### Records contained in a dataset
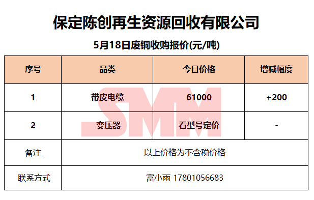 今日保定陈创再生资源,废金属收购报价已更新,有货的朋友欢迎联系我们!
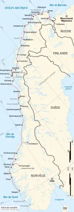 Norway (Norwegian: Norge or Noreg) is the westernmost, northernmost — and surprisingly also the easternmost — of the three Scandinavian countries. Among the Nordic countries only Finland stretches slightly further east. Norway is known for the complex and deep fjords along its west coast, as well as the midnight sun and Northern Lights.
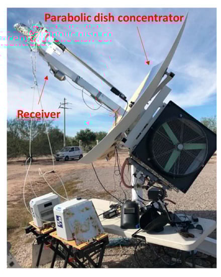 - Cisneros-Cárdenas, N.A.; Cabanillas-López, R.; Pérez-Enciso, R.; Martínez-Rodríguez, G.; García-Gutiérrez, R.; Pérez-Rábago, C.; Calleja-Valdez, R.; Riveros-Rosas, D. Study of the Radiation Flux Distribution in a Parabolic Dish Concentrator. Energies 2021, 14, 7053. [Google Scholar] [CrossRef]
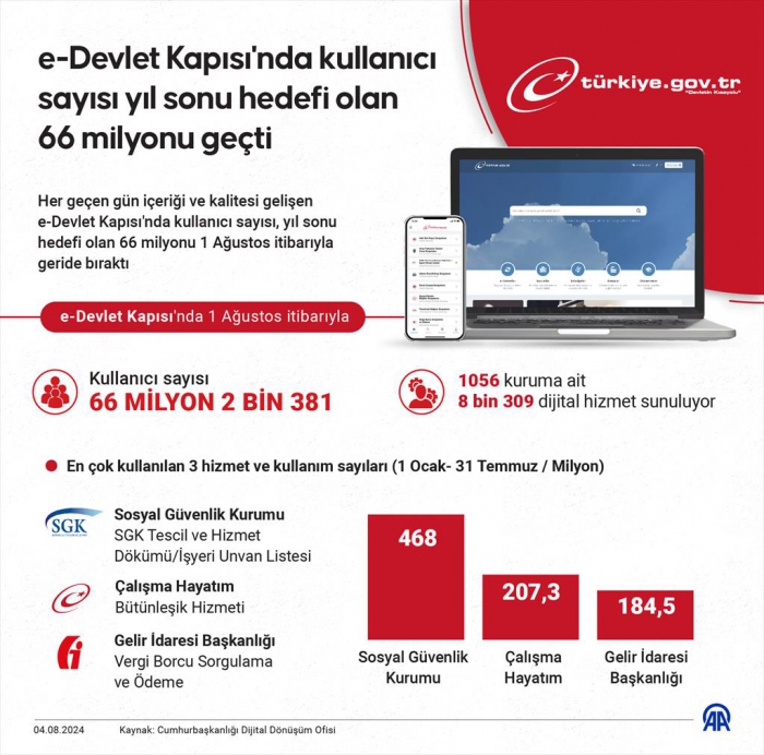 Kullanıcı sayısı 1 Ağustos itibarıyla 66 milyon 2 bin 381'e ulaşan e-Devlet Kapısı'nda, yıl sonu hedefi olan 66 milyon kullanıcı sayısı aşılmış oldu.
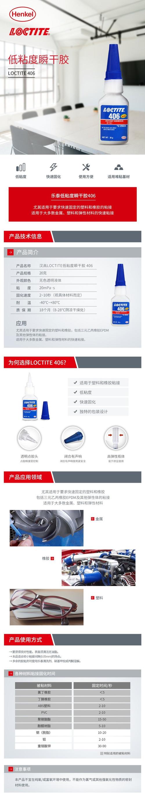 〖Two〗、低粘度、通用型、渗透性好。具有快速固化的作用。特别适用于难粘接材料的粘接。典型用途快速粘接大多数金属、塑料或弹性体材料的自粘和相互快速黏接。用于粘接多孔,酸性及吸收材料,尤其适用于要求快速固定的塑料或橡胶(EPDM)的粘接。特性:一般情况下,材料表面的湿气会引发406胶水的固化。
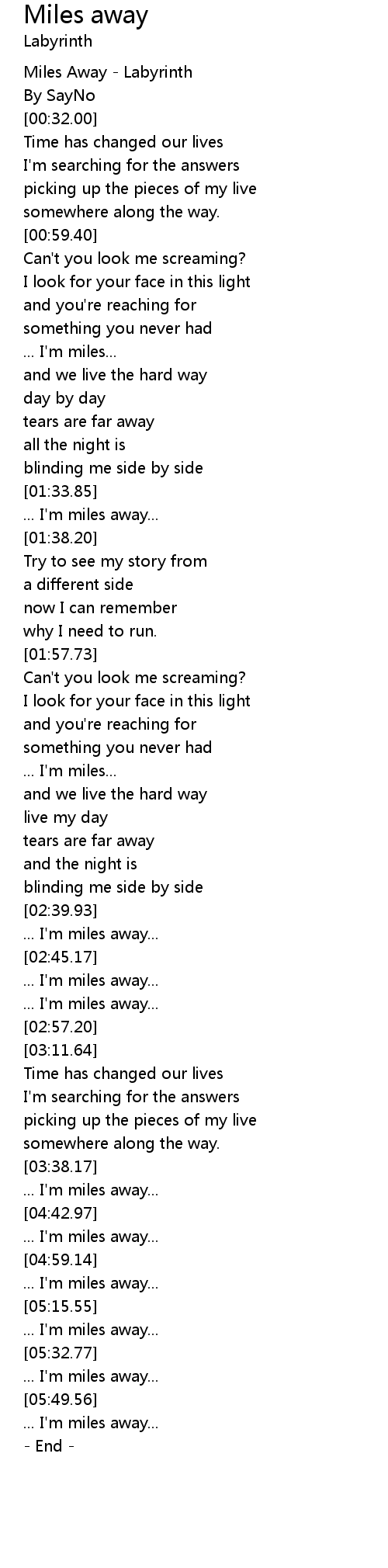 | [00:00.00] | Miles Away - Labyrinth |
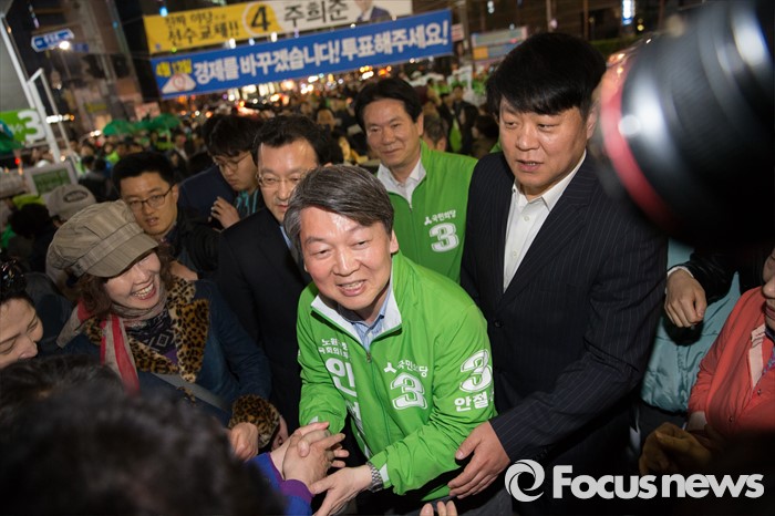 (서울=포커스뉴스) 4.13총선을 하루 앞둔 12일 오후 서울 노원구 롯데백화점 정문 앞에서 안철수 국민의당 상임공동대표가 막바지 선거 유세를 하고 있다.

### Task prompt
Once the line containing "- Cisneros-Cárdenas, N.A.;" has been located, transcribe exactly and only every line from the first line of the entries through it, excluding pictures.

### Solution
 今日保定陈创再生资源,废金属收购报价已更新,有货的朋友欢迎联系我们!
 Norway (Norwegian: Norge or Noreg) is the westernmost, northernmost — and surprisingly also the easternmost — of the three Scandinavian countries. Among the Nordic countries only Finland stretches slightly further east. Norway is known for the complex and deep fjords along its west coast, as well as the midnight sun and Northern Lights.
 - Cisneros-Cárdenas, N.A.; Cabanillas-López, R.; Pérez-Enciso, R.; Martínez-Rodríguez, G.; García-Gutiérrez, R.; Pérez-Rábago, C.; Calleja-Valdez, R.; Riveros-Rosas, D. Study of the Radiation Flux Distribution in a Parabolic Dish Concentrator. Energies 2021, 14, 7053. [Google Scholar] [CrossRef]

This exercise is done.